**Dataset extract:**
<<<<
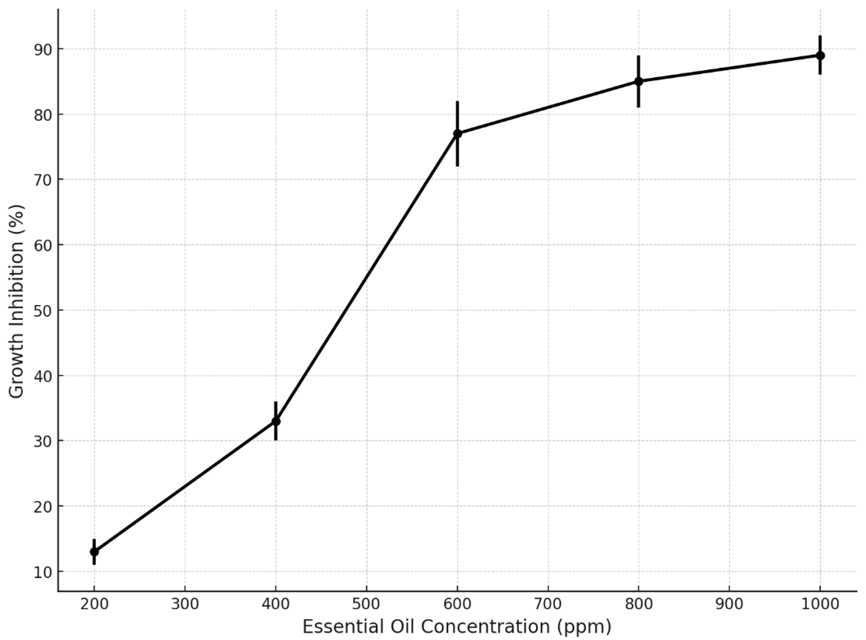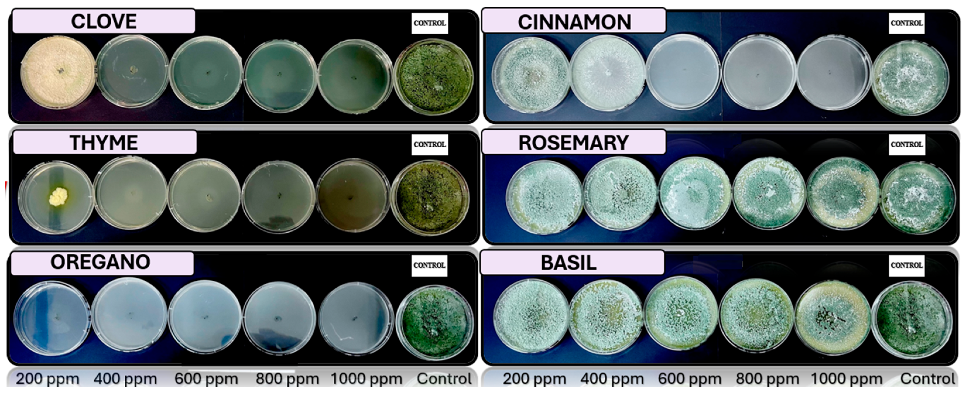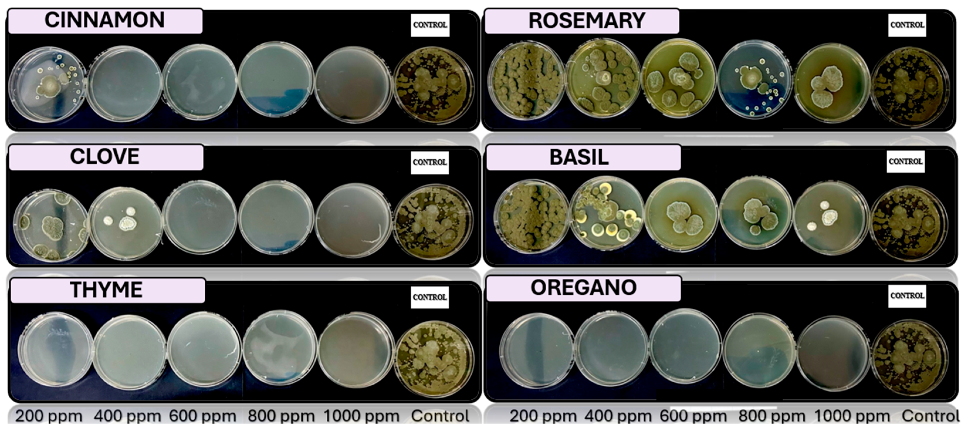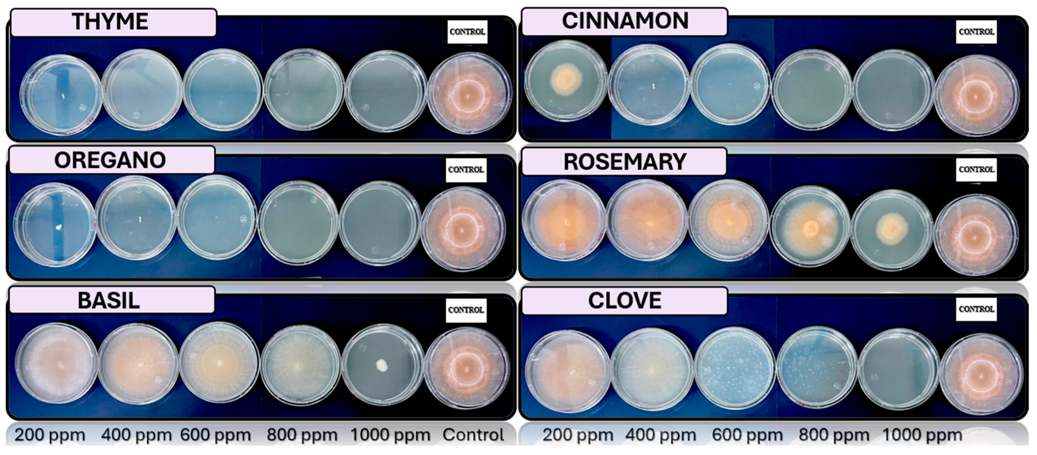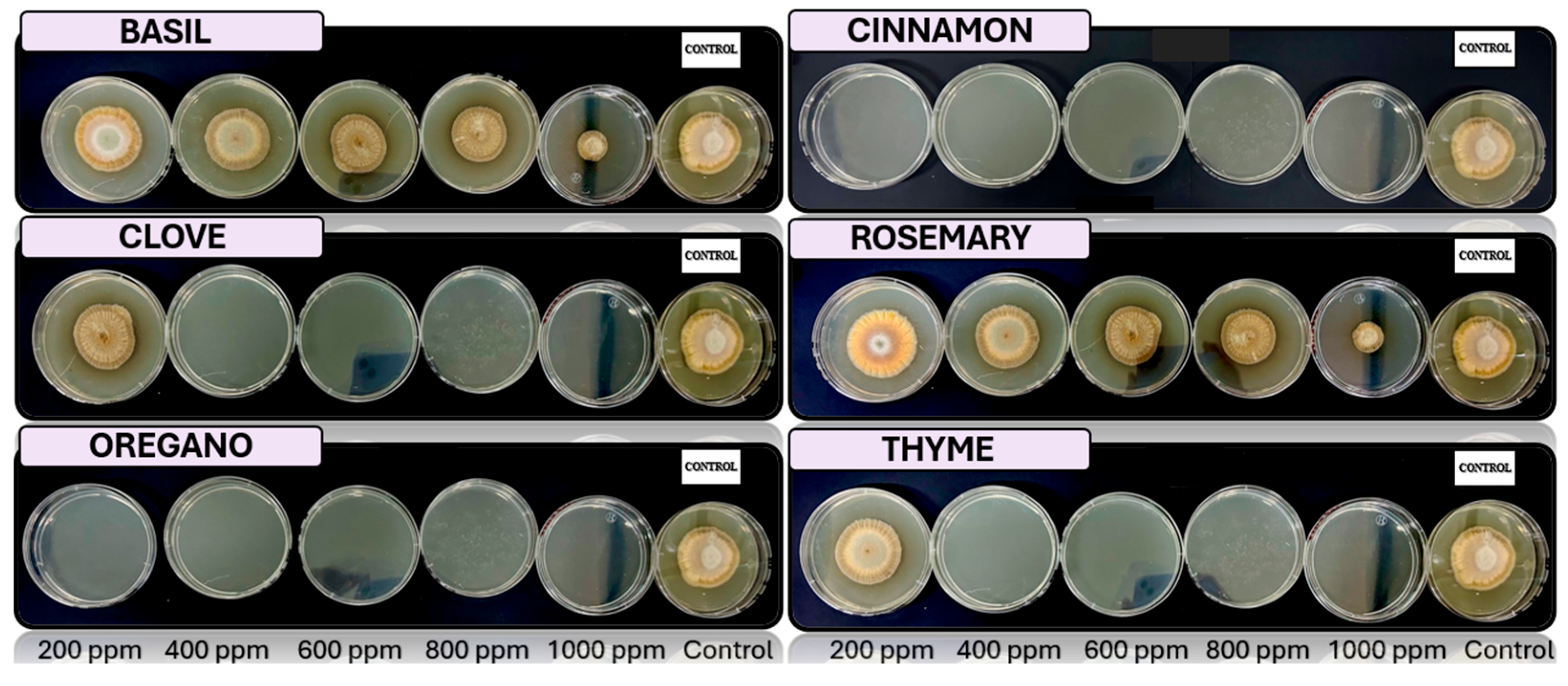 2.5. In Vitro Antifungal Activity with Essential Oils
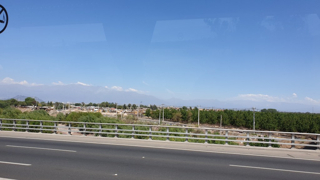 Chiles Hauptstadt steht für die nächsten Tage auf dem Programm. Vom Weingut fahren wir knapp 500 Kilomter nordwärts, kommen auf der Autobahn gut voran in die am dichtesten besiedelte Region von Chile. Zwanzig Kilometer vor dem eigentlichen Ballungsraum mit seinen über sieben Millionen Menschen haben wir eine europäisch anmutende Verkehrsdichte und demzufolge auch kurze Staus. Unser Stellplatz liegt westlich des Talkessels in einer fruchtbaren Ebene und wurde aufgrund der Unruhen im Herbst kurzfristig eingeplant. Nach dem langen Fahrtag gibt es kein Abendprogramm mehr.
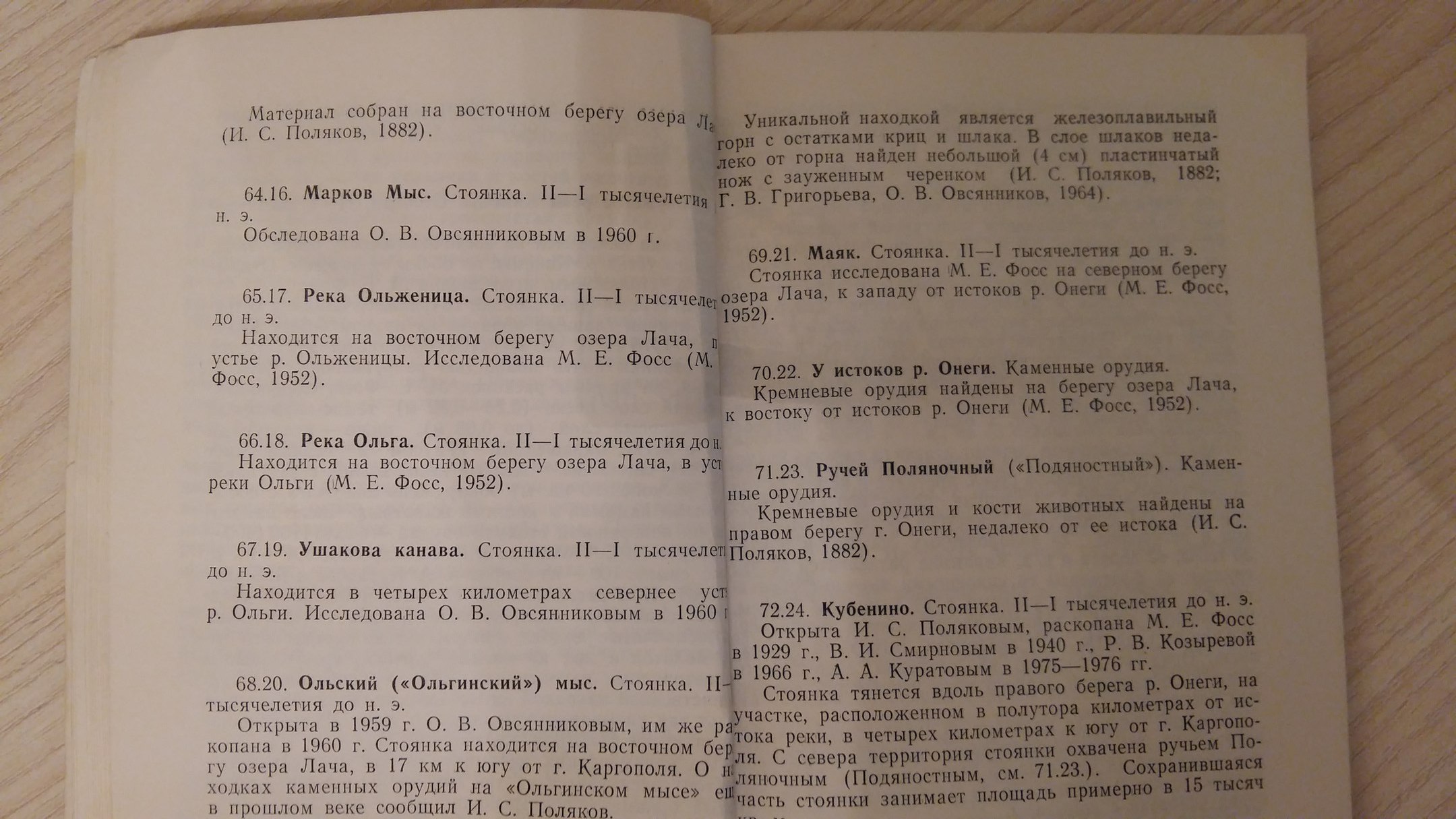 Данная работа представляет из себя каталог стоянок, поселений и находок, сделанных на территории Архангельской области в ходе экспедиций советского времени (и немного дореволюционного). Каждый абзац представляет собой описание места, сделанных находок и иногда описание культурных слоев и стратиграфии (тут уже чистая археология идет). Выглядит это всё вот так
>>>>
All of the data above needs to be given again exactly. Leave out each image.

 2.5. In Vitro Antifungal Activity with Essential Oils
 Chiles Hauptstadt steht für die nächsten Tage auf dem Programm. Vom Weingut fahren wir knapp 500 Kilomter nordwärts, kommen auf der Autobahn gut voran in die am dichtesten besiedelte Region von Chile. Zwanzig Kilometer vor dem eigentlichen Ballungsraum mit seinen über sieben Millionen Menschen haben wir eine europäisch anmutende Verkehrsdichte und demzufolge auch kurze Staus. Unser Stellplatz liegt westlich des Talkessels in einer fruchtbaren Ebene und wurde aufgrund der Unruhen im Herbst kurzfristig eingeplant. Nach dem langen Fahrtag gibt es kein Abendprogramm mehr.
 Данная работа представляет из себя каталог стоянок, поселений и находок, сделанных на территории Архангельской области в ходе экспедиций советского времени (и немного дореволюционного). Каждый абзац представляет собой описание места, сделанных находок и иногда описание культурных слоев и стратиграфии (тут уже чистая археология идет). Выглядит это всё вот так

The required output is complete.